Мастер Джорджи вместе с мальчишкой поволокли его вниз. Он был такой статный, он от своего веса прогибался посередине. Женщине заплатили, чтоб открыла черный ход, но она подвела, обманула, прибежала обратно в комнату и голосила, что у ней сердце заходится. Я крепко держала сапоги мистера Харди, а когда на повороте по лестнице покатилась шляпа, я ее тоже спасла. Глаза у него были закрыты, но челюсть отвисла, его растрясли потому что.
Мне пришлось протиснуться мимо, чтоб отпереть дверь чулана. Когда она приотворилась, наши лица выхватил вечерний тускнеющий свет. У мастера Джорджи опять раскраснелись щеки, но это от напряжения. Ворота разболтались на петлях и были укреплены гвоздями. Мастер Джорджи с мальчишкой шарили у забора, искали вроде тарана что-нибудь, чтобы их выбить. Мистера Харди усадили к срубленному платану, а мне велели за ним присматривать — будто сейчас вот он возьмет и уйдет. Я и присматривала, правда издали, смотрела, как блестит на пуговицах у него дождь.
Пока он не умер, мне нравился мистер Харди. Такой веселый, не злой и если вдруг меня замечал, мне подмигивал. Когда были гости, он после ужина всегда пел, и голос гудел по дому, всем слышно. Песня была одна и та же, про мальчика-барабанщика, павшего на поле брани, который перед смертью зовет свою мать, и в конце ему хлопали, и он начинал все сначала. Такая печальная песня, но он так завывал, дойдя до слов «Матушка, родимая, смерть моя близка», что все прямо лопались со смеху.
А теперь, если бы требовалось доказательство, что душа отлетает от тела, я могла бы ткнуть в него пальцем; вот уж яснее ясного — он внутри был пустой. И я понадеялась, что правильно уверяла миссис О'Горман, что у богатого всегда есть приятель, который его поджидает по ту сторону ясного синего неба; он не больно кому-то был нужен сейчас, без дружков, один. Я слушала нежное гулюканье голубей на крыше и с удовольствием думала про то, как же все ненадежно в жизни, и как она мимолетна, и как мне повезло вдобавок, что я живая. Конечно, лучшая моя часть печалилась, но сама я понимала, что мне сейчас хорошо. Да уж, уму, как и глазу, все понятнее при дневном свете.
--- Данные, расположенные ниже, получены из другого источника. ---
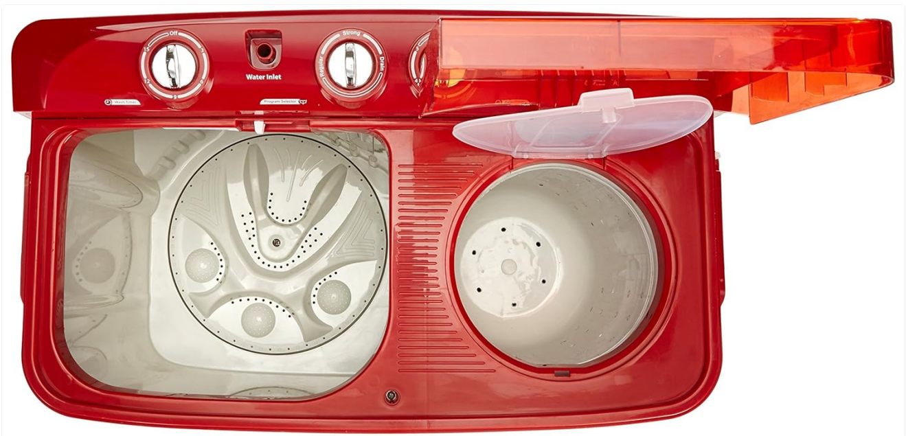
Image 3.1: Top view of the washing machine with both wash and spin tub lids open, illustrating the internal layout.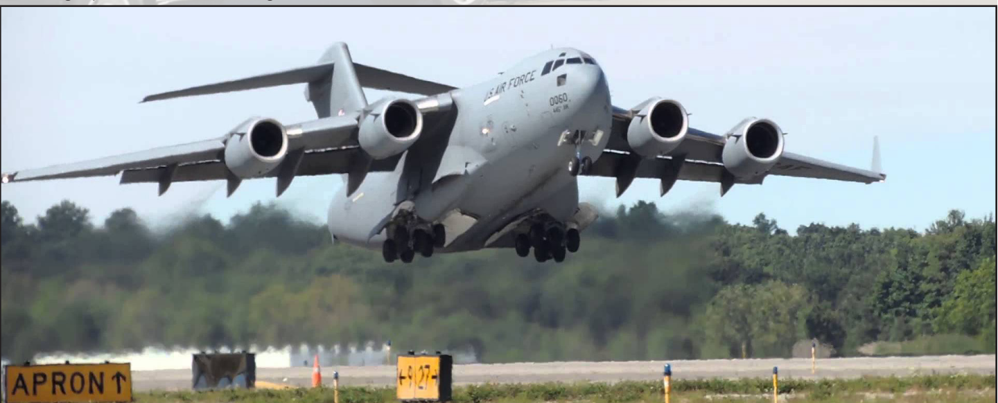
Inset: New York Air National Guard's 105th Airlift Wing loadmasters guide vehicles onto a C-17 Globemaster III. Bottom: A New York Air National Guard's 105th Airlift Wing C-17 "Globemaster" takes off from Stewart Air National Guard Base, Newburgh.

During 2016 the 105th Airlift Wing invested $2 million on facilities and infrastructure repairs and upgrades. This included aircraft hangar door seals and additional anti-fall measures in their fuel cell hanger.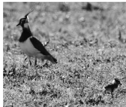
Lapwing chick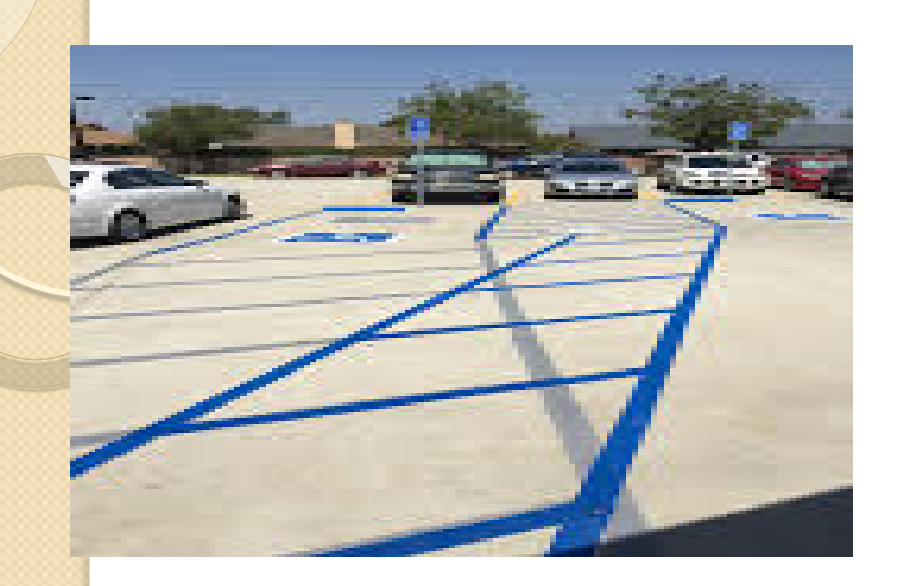
Revised Parking layout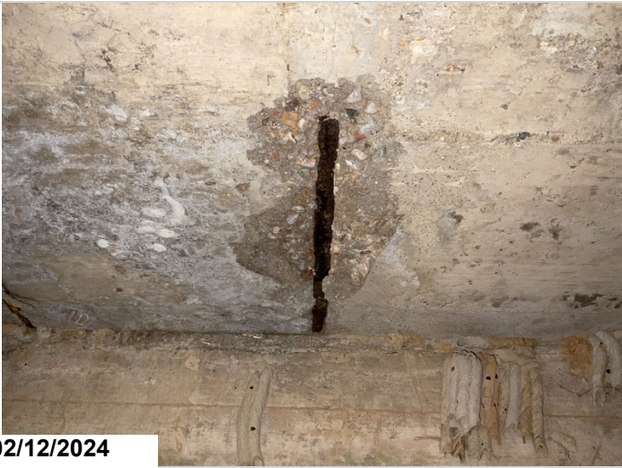
Barrel 1 exposed rebar. CS3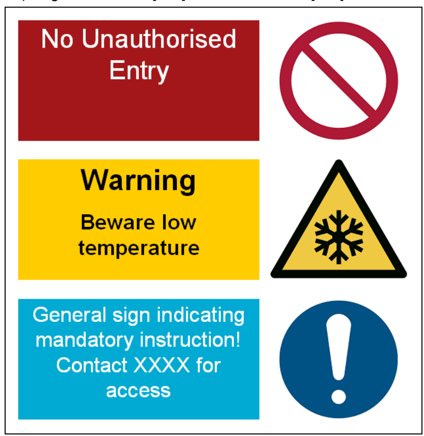
Figure 3 Cryogen Hazard sign

Adequate, clearly visible warnings must be displayed where necessary (an example is shown in Figure 3). For examples of recognised warning and prohibitive signs users should refer to the Health & Safety (Safety Signs & Signals) Regulations 1996 [114] and BS ISO 7010 [115].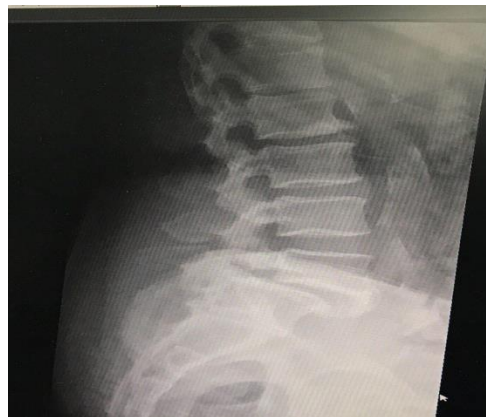
Figure 4: Case 3, spondylotic change at L5/S1.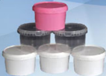
500ml Container Product Code: SPFC500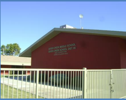
Queen Creek Unified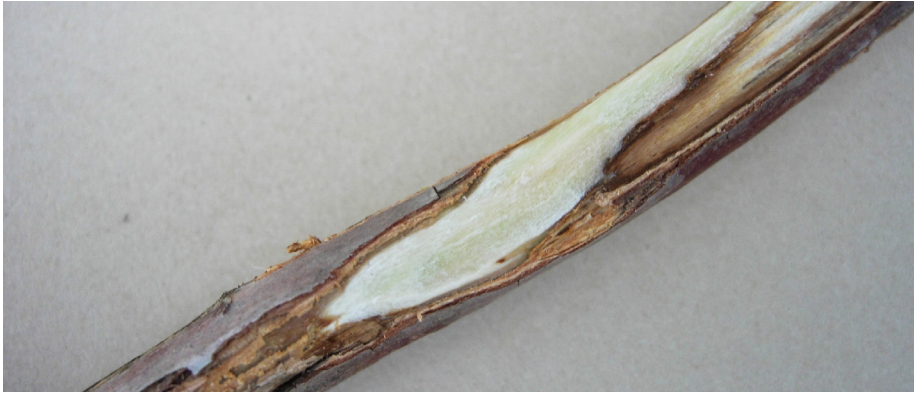
Figure 2. A wilting rhododendron branch with the bark partially removed to reveal the brown discoloration in the wood caused by Botryosphaeria species.

Вдруг чем-то стукнули по воротам, но они только дрогнули, потом еще два раза ударили, и они поддались, распахнулись. Снаружи стоял тот самый бордовый фургон с уродскими золотыми буквами на боку. Только в оглоблях стояла не лошадь хозяина Панча и Джуди, та клячонка была не больше осла, а тут — битюг, какие выгромыхивают с мощеного двора пивоварни.
Я держала дверцу, пока мастер Джорджи и утиный мальчишка волокли через двор мистера Харди. Мальчишка остановился было перевести дух, но мастер Джорджи крикнул: «Скорей... надо его положить». Может, мальчишка и подумал, что это укладывание требуется из уважения, но я-то знала, что мастер Джорджи торопится, боится трупного окоченения потому что. Ведь не дело же если мистер Харди прибудет домой весь как складной нож.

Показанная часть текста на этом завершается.